**Material provided**:
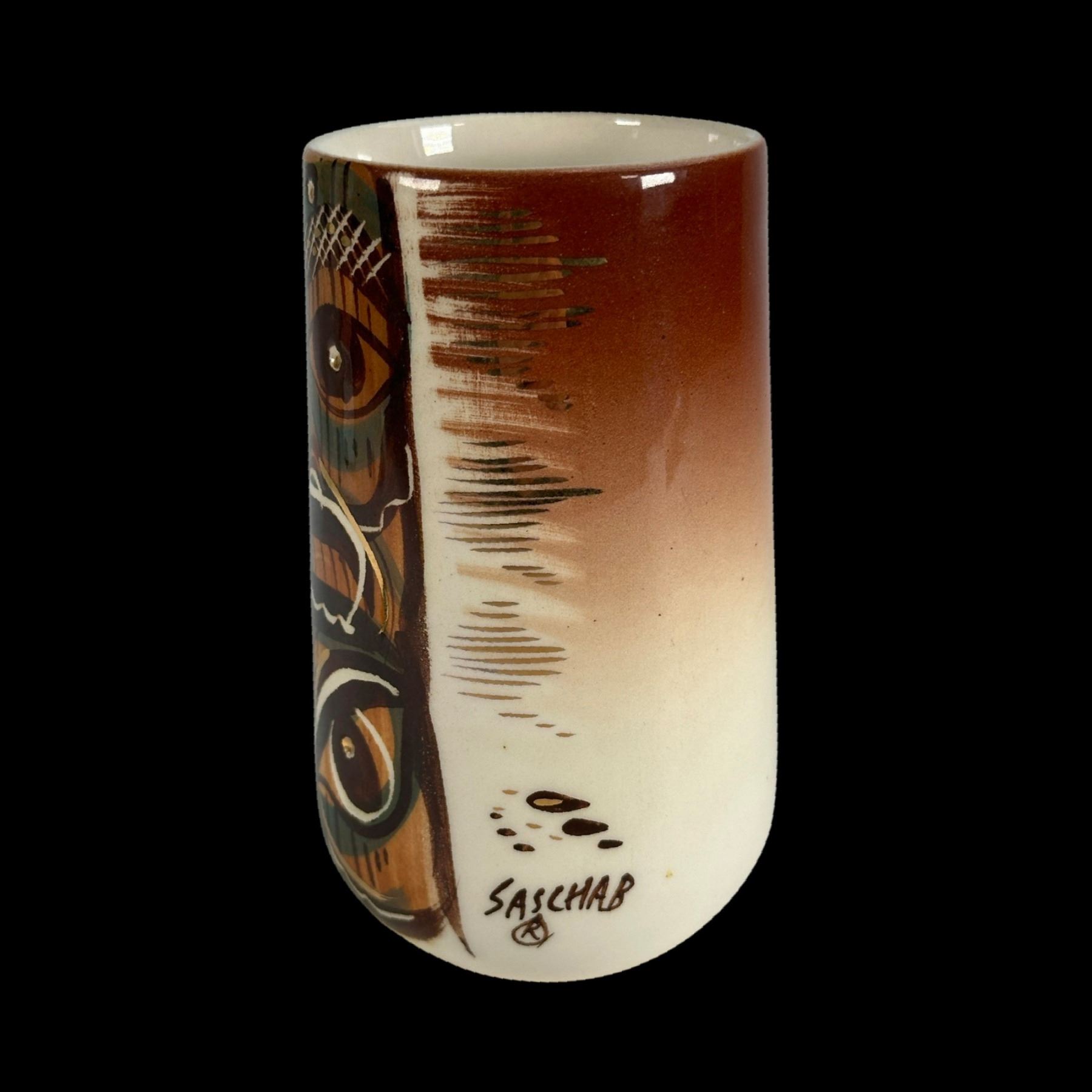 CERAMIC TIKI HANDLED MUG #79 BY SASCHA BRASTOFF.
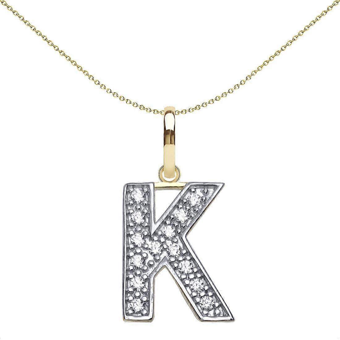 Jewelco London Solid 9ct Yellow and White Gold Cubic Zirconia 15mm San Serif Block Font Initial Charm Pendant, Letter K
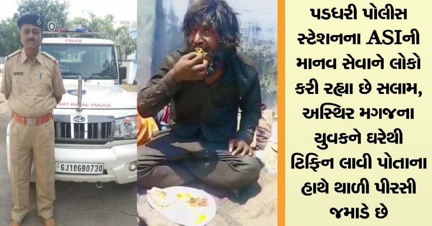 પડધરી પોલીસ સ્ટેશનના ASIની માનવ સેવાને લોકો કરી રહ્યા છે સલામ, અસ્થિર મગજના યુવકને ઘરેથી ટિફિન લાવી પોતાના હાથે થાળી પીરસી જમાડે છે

**Task details**: No pictures belong in the answer; copy all other parts of the listing exactly.

**Problem solution**:
 CERAMIC TIKI HANDLED MUG #79 BY SASCHA BRASTOFF.
 Jewelco London Solid 9ct Yellow and White Gold Cubic Zirconia 15mm San Serif Block Font Initial Charm Pendant, Letter K
 પડધરી પોલીસ સ્ટેશનના ASIની માનવ સેવાને લોકો કરી રહ્યા છે સલામ, અસ્થિર મગજના યુવકને ઘરેથી ટિફિન લાવી પોતાના હાથે થાળી પીરસી જમાડે છે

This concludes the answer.